▸ **Data provided**
Segment Open

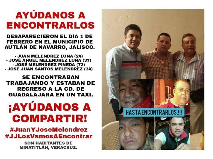Hoy se cumplen tres años de que Juan y José Ángel Meléndrez Luna; así como José Juan Santos Meléndrez y José Meléndrez Pineda fueran víctimas de desaparición forzada a manos de policías municipales del Autlán de Navarro, Jalisco.
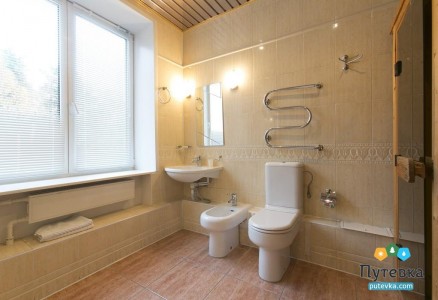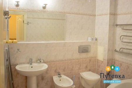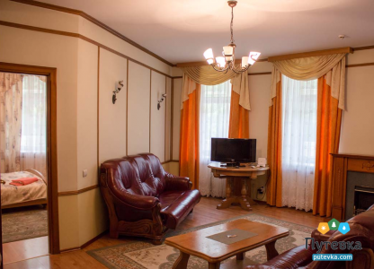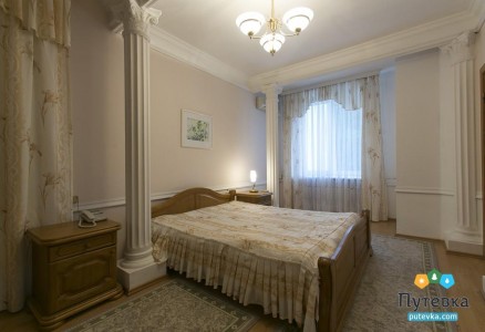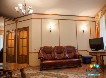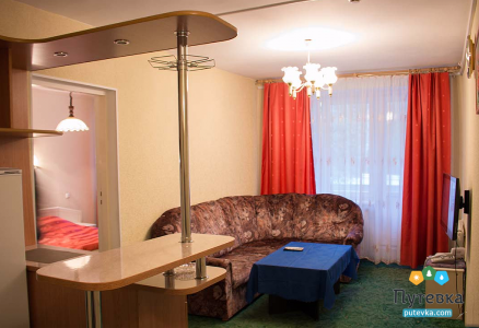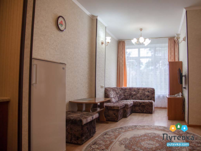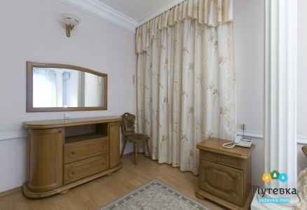 В номере:кровати односпальные, вешалка, диван, зеркало, комод, прикроватные тумбочки, столик кофейный, стулья, шкаф, телевизор ЖК, телефон, холодильник.
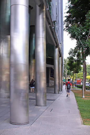Finally, we turn left to Victoria St, using the pavement beside SMU admin block. Our destination, the National Library, is within our sight. The pavement was in the light, shaded by the massive building of SMU. In fact, its sidewalk bordered by huge metal pillars was dank, uninviting and dark. Victoria St at the right of the pavement was alive, blitzed by cars rushing about their business. 5 feet of safety on slates of grey, straddles between light and darkness.
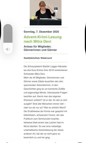 Advent-Krimi-Lesung mit Kurzgeschichten von Mitra Devi in der Stadtbibliothek Wädenswil. Matinee (geschlossene Gesellschaft für Lesegellschaft Wädenswil).

Segment Closed

▸ **Try it**
Your response must reproduce the listing above word for word and must contain none of its pictures.

▸ **Solution for this problem**
Hoy se cumplen tres años de que Juan y José Ángel Meléndrez Luna; así como José Juan Santos Meléndrez y José Meléndrez Pineda fueran víctimas de desaparición forzada a manos de policías municipales del Autlán de Navarro, Jalisco.
 В номере:кровати односпальные, вешалка, диван, зеркало, комод, прикроватные тумбочки, столик кофейный, стулья, шкаф, телевизор ЖК, телефон, холодильник.
Finally, we turn left to Victoria St, using the pavement beside SMU admin block. Our destination, the National Library, is within our sight. The pavement was in the light, shaded by the massive building of SMU. In fact, its sidewalk bordered by huge metal pillars was dank, uninviting and dark. Victoria St at the right of the pavement was alive, blitzed by cars rushing about their business. 5 feet of safety on slates of grey, straddles between light and darkness.
 Advent-Krimi-Lesung mit Kurzgeschichten von Mitra Devi in der Stadtbibliothek Wädenswil. Matinee (geschlossene Gesellschaft für Lesegellschaft Wädenswil).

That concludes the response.